__TASK__
Give back an exact repetition of the material below, from its first line through the line that contains "技术面简析:布林带开口开始拐", both included, minus the pictures.

__SOURCE MATERIAL__

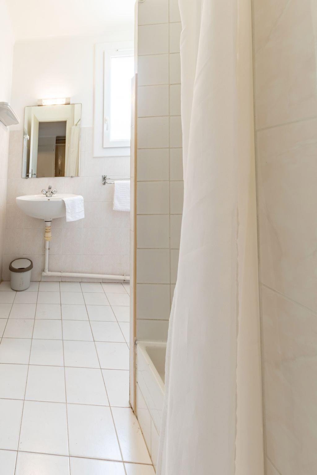 2-room apartment 38 m2, on the ground floor. Simple and practical furnishings: living/dining room with 1 bed (80 cm, length 190 cm), TV (flat screen). Exit to the terrace. 1 room with 2 beds (80 cm, length 190 cm). Kitchenette (2 hot plates, kettle, microwave, electric coffee machine). Shower, sep. WC. No heating option. Terrace 6 m2, north-west facing position. Terrace furniture. Facilities: Internet (WiFi, extra). Parking (1 car). Please note: not suitable for children under 3 years. TV only FR. Smoke alarm. 83112000017M8
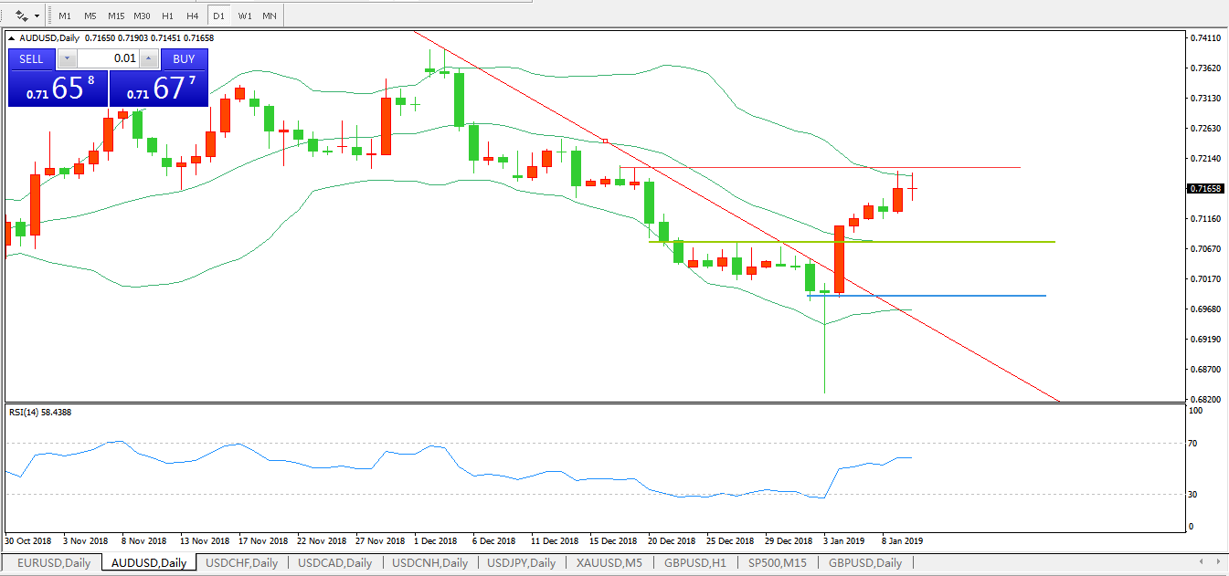 技术面简析:布林带开口开始拐头价格升穿布林中轨试探布林中轨,RSI拐头向上攻击,下降趋势线被击破,预计短期汇价将延续上行态势
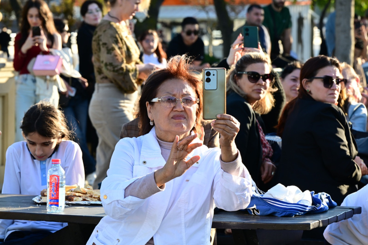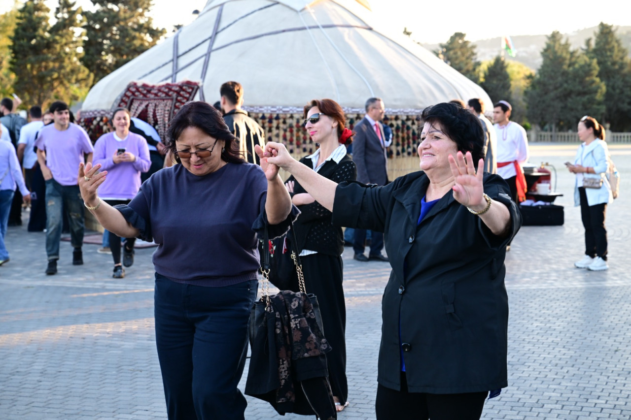 Parkda qurulan və içərisi xalçalarla bəzədilmiş qədim türkmən çadırı tamaşaçıların xüsusi marağına səbəb olub.  Qonaqlar çadırın ətrafında qoyulmuş masalarda Türkmənistan mətbəxinin ləziz təamlarını dadıblar.
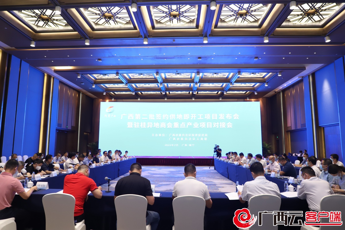 7月29日,广西第二批签约供地即开工项目发布会暨广西驻桂异地商会重点产业项目对接会在南宁举行。自治区投促局发布第二批110个签约供地即开工招商项目,诚邀海内外投资者来桂投资兴业。

__EXERCISE RESPONSE__
 2-room apartment 38 m2, on the ground floor. Simple and practical furnishings: living/dining room with 1 bed (80 cm, length 190 cm), TV (flat screen). Exit to the terrace. 1 room with 2 beds (80 cm, length 190 cm). Kitchenette (2 hot plates, kettle, microwave, electric coffee machine). Shower, sep. WC. No heating option. Terrace 6 m2, north-west facing position. Terrace furniture. Facilities: Internet (WiFi, extra). Parking (1 car). Please note: not suitable for children under 3 years. TV only FR. Smoke alarm. 83112000017M8
 技术面简析:布林带开口开始拐头价格升穿布林中轨试探布林中轨,RSI拐头向上攻击,下降趋势线被击破,预计短期汇价将延续上行态势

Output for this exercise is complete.